Холодок усталости проникал в санитарные вагоны с изуродованных перронов, оттуда, где стояли расстрелянные тополя, обозначавшие исчезнувшие населенные пункты, от по-осеннему грустной и пустынной земли.

Мы видели стариков, женщин, детей, охваченных заботами о куске хлеба, живущих в первобытных условиях. Страдания народа и раны родной земли притупляли боль наших ран.

Совесть не позволяла ни жаловаться, ни требовать. Я укладывал за голову руку, закованную в гипс от пальцев до плеча, засыпал, успокоив себя надеждами на скорое возвращение домой.

Преодолевая огромные пространства, санитарный поезд двигался как будто вне времени: до нас доходили отрывочные вести с фронтов. Но мы, воины, чувствовали неодолимую силу решающего наступления и знали, что день победы недалек.
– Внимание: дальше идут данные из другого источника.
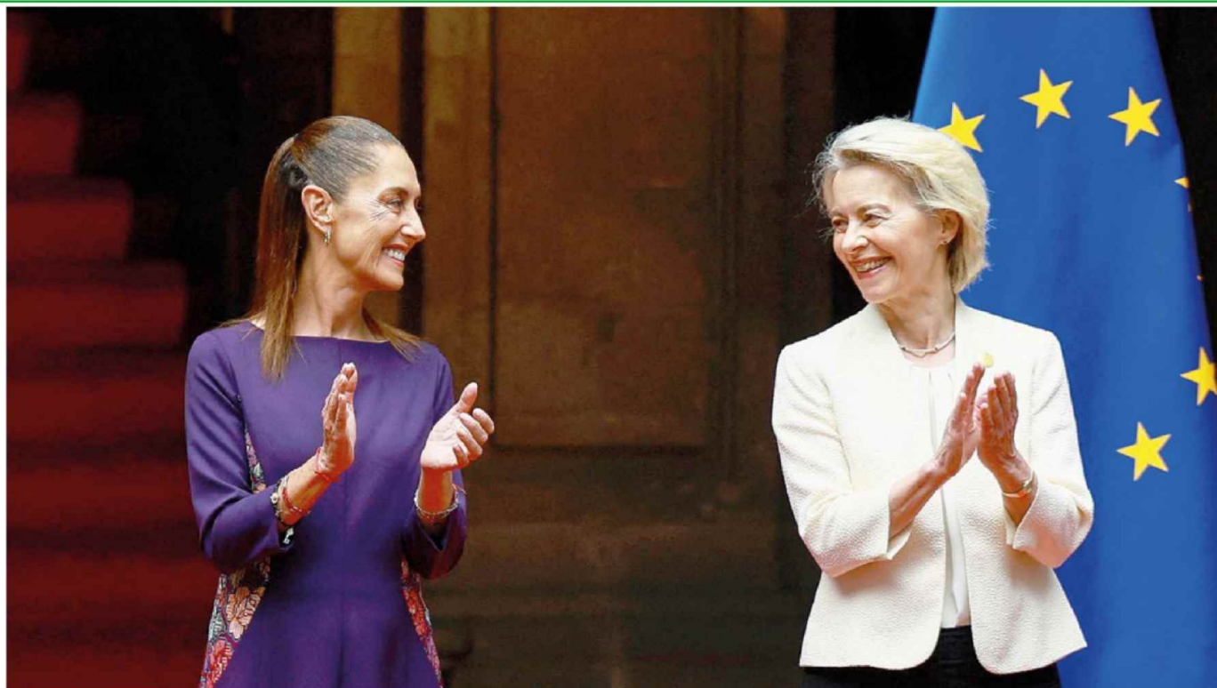
Potere al femminile. La presidente del Messico Claudia Sheinbaum riceve la presidente della Commissione europea, Ursula von der Leyen
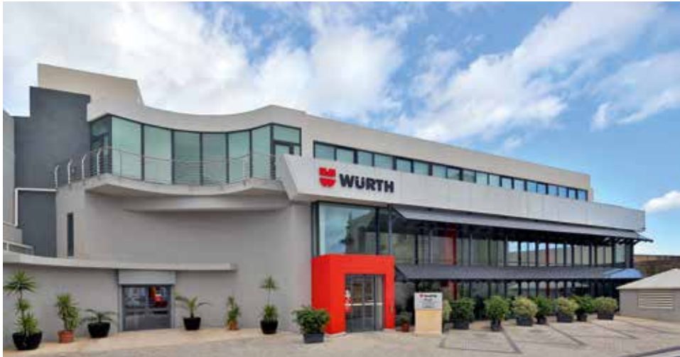
Würth Limited en Zebbug, Malta

Somos conscientes de que las restricciones mencionadas no solo se refieren a bienes físicos, sino también a información y tecnologías, las cuales tampoco se pueden transferir de forma ilícita. Las infracciones pueden provocar un gran perjuicio al Grupo Würth. Por ello se insta a todos los empleados a actuar con cautela y, p. ej., a no facilitar información por correo electrónico o por teléfono sin estar autorizados para ello. Nuestros empleados deben dirigir siempre sus dudas y consultas a los directivos o al responsable de la empresa.
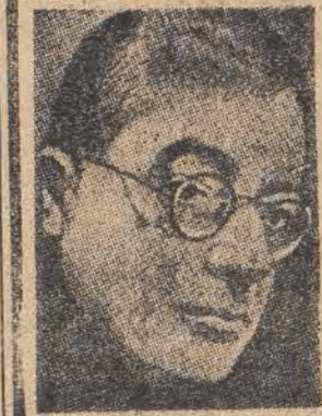
Palmiro Togliatti konferuje z Wallace'm

Saillant weźmie również udział w uroczystościach urządzonych z okazji 30-lecia rewolucji listopadowej. Punktem kulminacyjnym tych uroczystości będzie wielki wiec w Bukareszcie na którym wygłosi przemówienie premier Groza, minister przemysłu i handlu oraz generalny sekretarz partii komunistycznej.
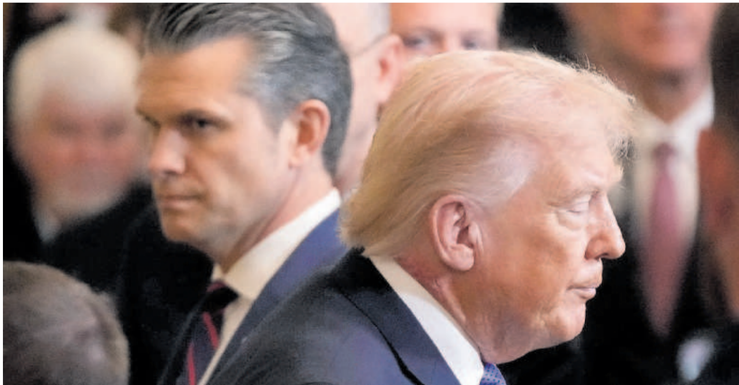
Donald Trump, junto al secretario de Defensa, Pete Hegseth, ayer en Washington.
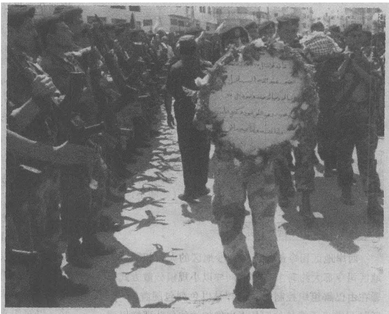
第17部队队员在为一名被以军杀害的同伴送行

然而1995年，在以色列城市发生了几起巴勒斯坦人自杀性爆炸事件后，巴以之间暂时的平静被打破了。阿拉法特感知到了政治危险，下令打击激进分子。在这项工作的初期阶段第17部队担当了主角。这时的第17部队编制又恢复到了3000人，而总指挥却变成了费萨尔·阿卜·沙拉赫上校，因为这时的纳托尔已经失去了阿拉法特的信任。由于担心无所事事的纳托尔会产生麻烦，所以阿拉法特任命他指挥新成立的特别安全部队，监督来自内部的反对活动和收集相邻国家对巴解政权进行颠覆活动的有关情报。纳托尔在新的岗位上没干多久，1995年又被阿卜·优素福·瓦西比将军替代。从此纳托尔的名字在公开场合消失了，在最近所有公开报告中都没再出现过。
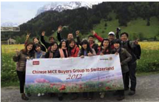
Participants chinois au voyage d'étude lors de leur excursion au Tittlis.

En 2012, le SCIB a renforcé sa présence dans les villes de Beijing, Shanghai, Hongkong et Guangzhou, notamment à travers des formations pour les agences spécialisées dans les voyages de motivation et d'autres décideurs. Le SCIB a, en outre, proposé un voyage d'étude à 12 organisateurs de voyages de motivation à Zürich, Lucerne et sur le Tittlis. Une initiative qui a immédiatement débouché sur des contrats.
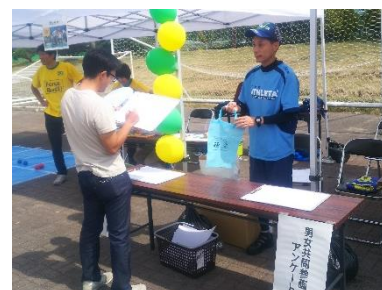
多くの男性にも答えていただきました

9月7日に開催された「遠野わらすっこまつり」において、男女共同参画に関するアンケート調査を実施しました。これは、来年度に策定予定の第4次「と・お・のいきいき参画プラン」に向け、男女共同参画に関する現状について調べたものです。20代から60代まで幅広い年齢層の方々から回答をいただいた結果、遠野市では、多くの項目で国や県の調査結果よりも男女が平等に社会参画しているという結果になりました。
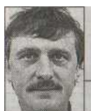
par Pierre Noverraz

Une maison en bois massif assemblée, une scie mobile pour le long bois et une luge souple: les trois innovations du Jurassien Pierre Messerli font la part belle au bois indigène
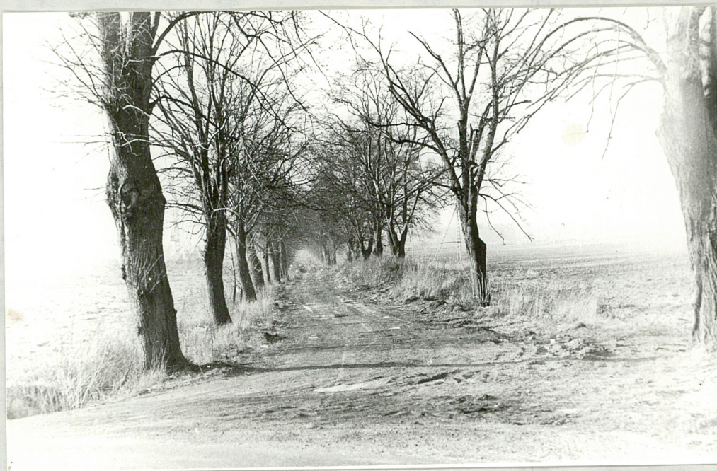
9. Wnętrze alei
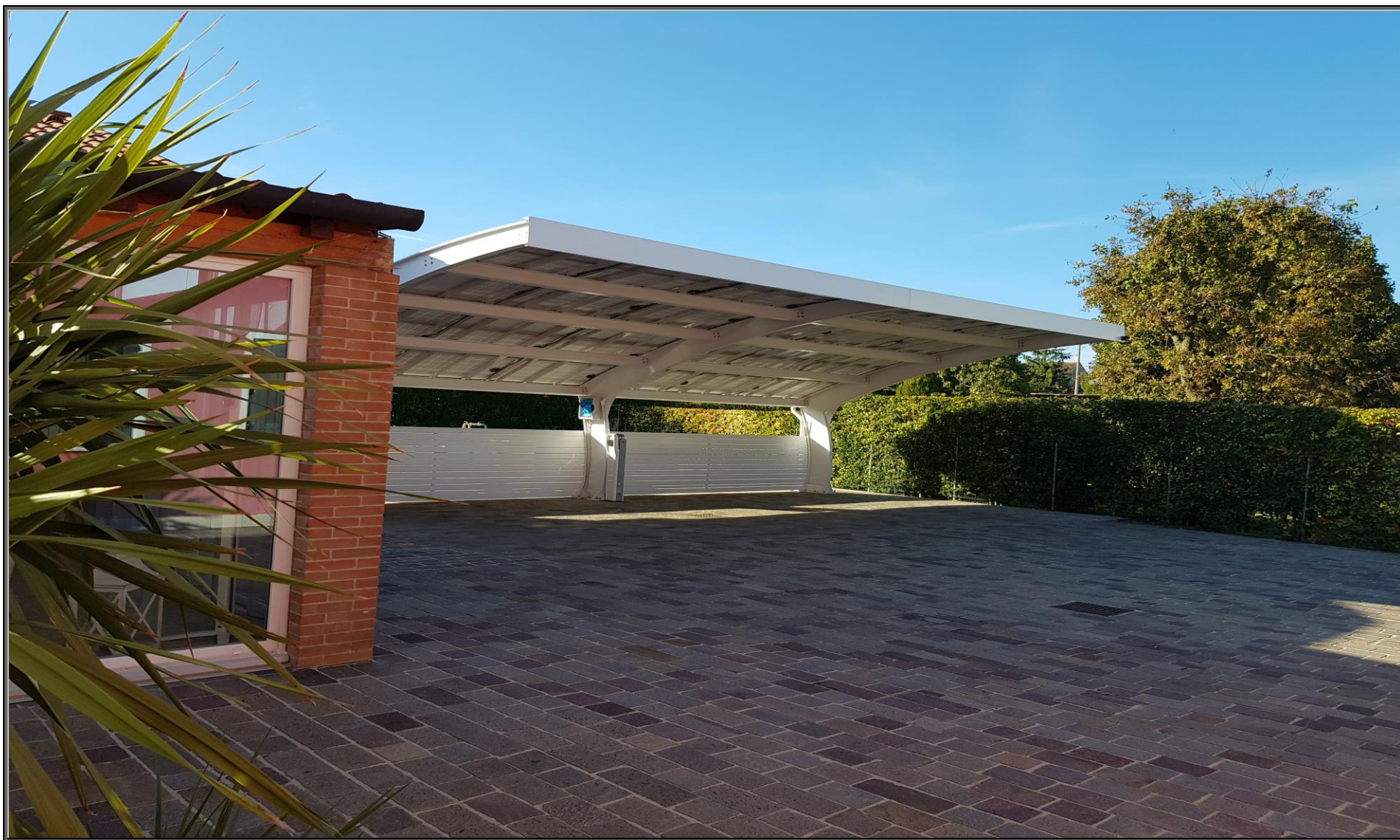
MODELLO: E-ONDA XL - COPERTURA: FOTOVOLTAICO 9.9 kWp - OPTIONAL: COLONNINA DI RICARICA/SISTEMA DI ILLUMINAZIONE LED
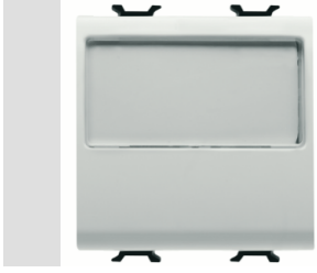
Red Dot anotlanmış alüminyum işaretçi desteği siyah
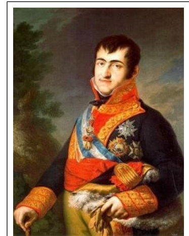
Fernando VII van Spanje De Verrader

De zoon van Carlos IV, Fernando VII van Spanje, zat in 1808 enkele maanden op de troon en vervolgens van 1814 tot 1833. Zijn twee bijnamen luiden El Deseado en El Rey Felón , respectievelijk De Gewenste en De Verrader. Als jong vorst was deze koning zeer geliefd bij het volk. Hij was de eerste koning na het verdrijven van de gehate José Bonaparte. Al snel na zijn kroning ontwikkelde hij zich echter tot een absolutistisch vorst die zelfs de Grondwet van Cádiz afschafte. De Verrader slaat zowel op het hem door zijn tegenstander Manuel de Godoy aangerekende hoogverraad, waarvoor hij in 1807 gearresteerd werd, als op het verraad van zijn medeplichtigen dat hij daarna volgens de kroniek pleegde. Zo kan het bij koningen uit het verleden verkeren.
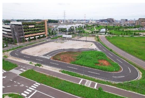
KOIL MOBILITY FIELD

●2023年10月3日：柏の葉スマートシティにて日本初、電気自動車への走行中給電の公道実証実験を開始 https://www.mitsufudosan.co.jp/corporate/news/2023/1003/
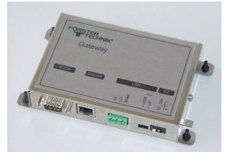
Das Förster-Technik Gateway verbindet Ihre Baby-Mix-Feeder über Ethernet bzw. WLAN mit dem PC.
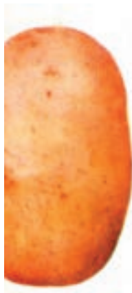
شکل ۴-۶-ط- رقم اونیر
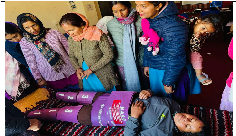
१२.२ NASG Demonstration

१३ .पालिका स्तरमा जन प्रतिनिधि र स्वास्थ्यकर्मीहरु लाई मानसिक स्वास्थ्य सम्बन्धि अभिमुखिकरण
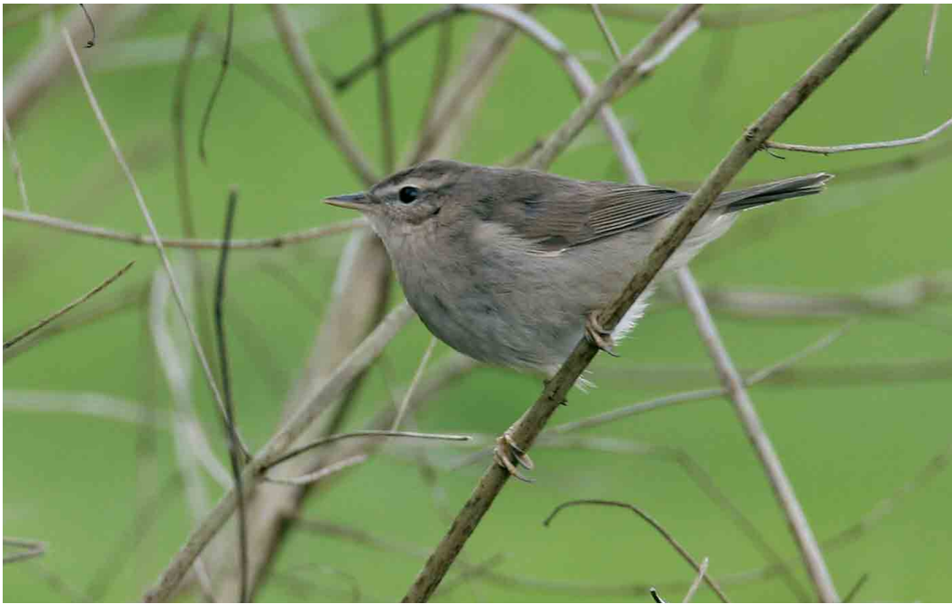
261 Bruine Boszanger / Dusky Warbler Phylloscopus fuscatus , Electra, Groningen, 15 maart 2007 (Mark Schuurman)
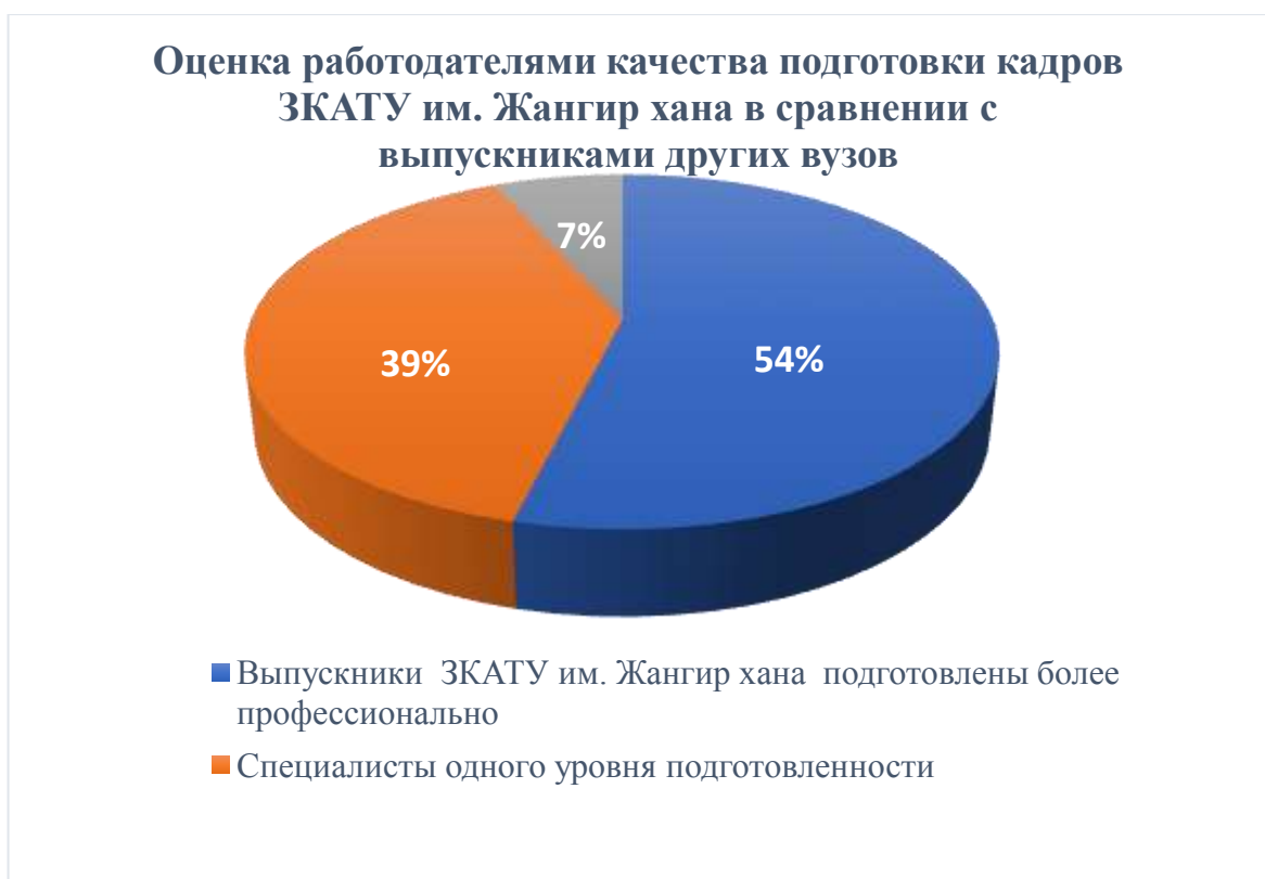
Рисунок 1- Оценка работодателями подготовки кадров ЗКАТУ им. Жангир хана

По уровню профессиональной подготовки работодатели выделяют выпускников университета среди выпускников других вузов. Более 54 % работодателей отметили более высокую профессиональную подготовленность выпускников университета (рис.1)
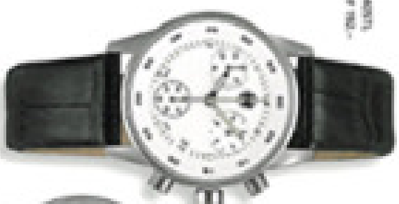
Modello COP 139 -
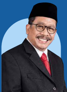
Drs. H. Zainut Tauhid Sa'adi, M.Si (Wakil Menteri Agama RI)

ICBS merupakan ekosistem pendidikan yang mampu meningkatkan kemampuan, melatih kemandirian, dan menumbuhkan karakter dan pribadi yang cerdas, Islami dan berprestasi.
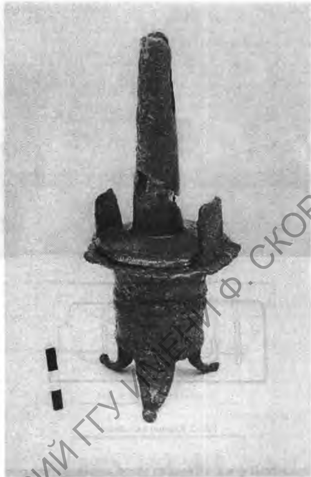
Рис. 4. Бронзовый канделябр

В кастелле Апсара, в пределах вышеупомянутой постройки был обнаружен бронзовый канделябр на трех ножках с цилиндрическим корпусом, конической трубкой для фитиля и двумя фризами вокруг корпуса (рис. 4) 9 . На нижнем фризе имеется надпись: C. SON AVR C.R. (рис. 5). Ее можно расшифровать так: первая буква С должна соответствовать инициалу ее владельца, следующие после SON три буквы – AVR (elia), очевидно, сокращенное имя римского императора Марка Аврелия (161–180 гг. н.э.). Последние две буквы можно истолковать как C(ivium) R(omanorum). Полностью надпись должна выглядеть так: C. SON(ors) AVR(elia) c(ivium) R(omanorum). Следует отметить, что вспомогательные когорты, носившие имя Марка Аврелия, стояли и в придунайских провинциях 10 . Общепринято мнение, что клейма с аббревиатурой.
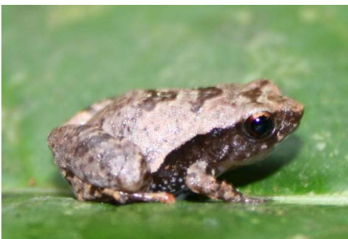
79 Hamptophryne cf boliviana MICROHYLIDAE
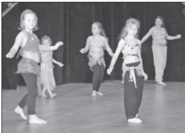
Vánoční besídka Střediska volného času Klubko se uskutečnila v úterý 17. prosince. Více fotografií a informací najdete na straně 26.
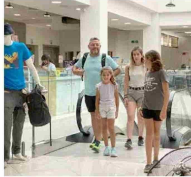
Familias argentinas llegaron masivamente a Talca durante el verano. Sus principales destinos eran los centros comerciales, porque el cambio monetario les favorecía mucho.

Por motivo del fin de semana largo en Argentina, desde el viernes 28 de febrero hasta el domingo 2 de marzo, se vio un aumento considerable del flujo migratorio de pasajeros en el Paso Internacional Pehuenche. La información fue dada a conocer por el jefe del Depar-
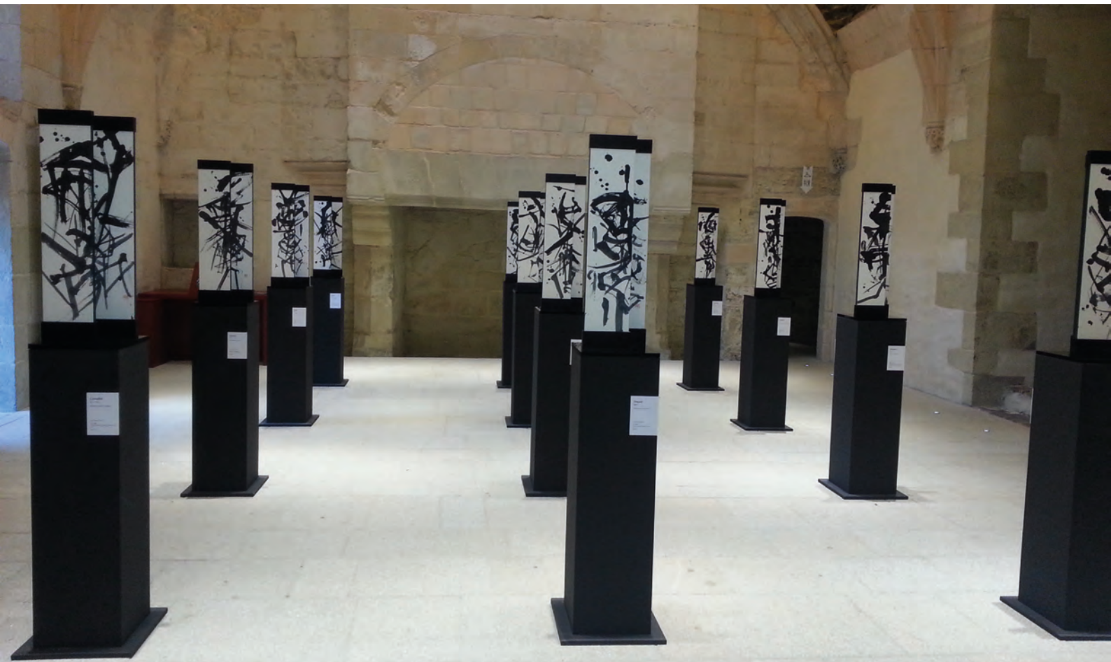
Kametani Kakushō
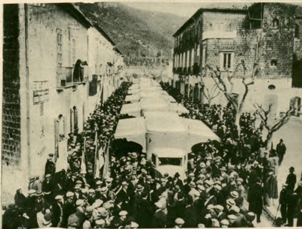
Lotna wystawa na samochodach zorganizowana przez Mussoliniego dla propagandy gospodarstwa wiejskiego a przede wszystkim uprawy zboża.
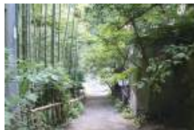
旅館から坂を下るとすぐに川へ。
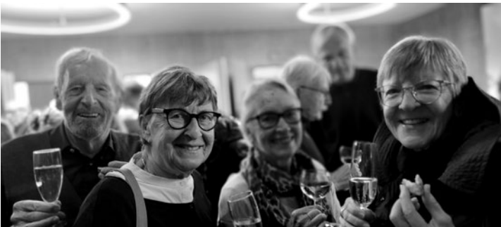
Seit Jahren Üdike verbunden
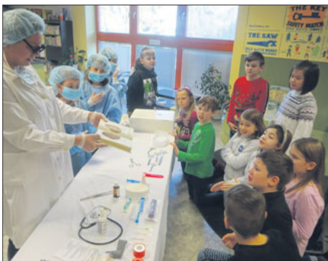
Třetíáci se formou Pitvy knihy seznámili s náležitostí knih.
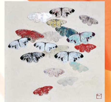
荒木愛(伝言)2012年 和紙、岩絵具、銀箔
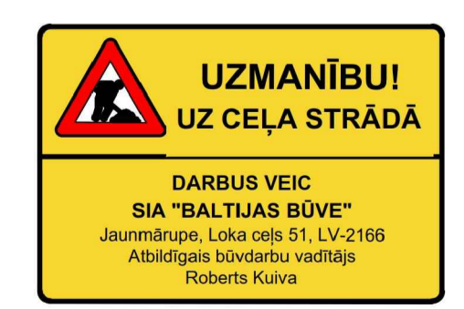
Shēma 1 (BIS-BL-682819-10753)
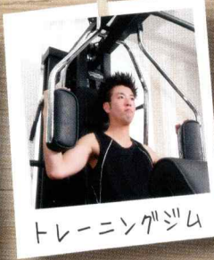
トレーニングジム

И каждый по-своему оценивал значимость своей работы, своей крови в достижении великой цели. Каждый из нас понимал, что эта война никогда не будет только эпизодом в истории народов.

Было необычно это ощущение покоя. Только размеренный, [191] убаюкивающий перестук колес. День-ночь, день-ночь.

Во сне я возвращался на зимние поля Украины, взбирался на опалённые высоты Румынии и Северной Трансильвании.

Вот уже позади Ростов-на-Дону. Степь. Безжизненная осенняя равнина. Проехали Армавир.

Когда небо прояснялось, впереди вырисовывались очертания горных громад, закованных в ледяные панцири.

Майкоп. Тихий городок, состоявший большей частью из белостенных домишек-особнячков, напоминал украинское местечко.

Эшелон разгружался медленно. Раненых увозили, но машин было мало. Рассчитывая на последнюю очередь, я слонялся по перрону в сопровождении припадавшего набок младшего лейтенанта — артиллериста, рослого добродушного парня.

— Тишина и благодать, — говорил он тоном зачарованного дачника. — Хорошо!

— А я еще недостаточно уверен, жив ли я.

— Я это определил еще в Северной Трансильвании: жив! — и младший лейтенант заковылял к группе девушек, работавших на пути.

Когда, наконец, погрузилась в машину последняя группа раненых, артиллерист усердно махал рукой, и ему отвечали с пути несколько смуглых рук.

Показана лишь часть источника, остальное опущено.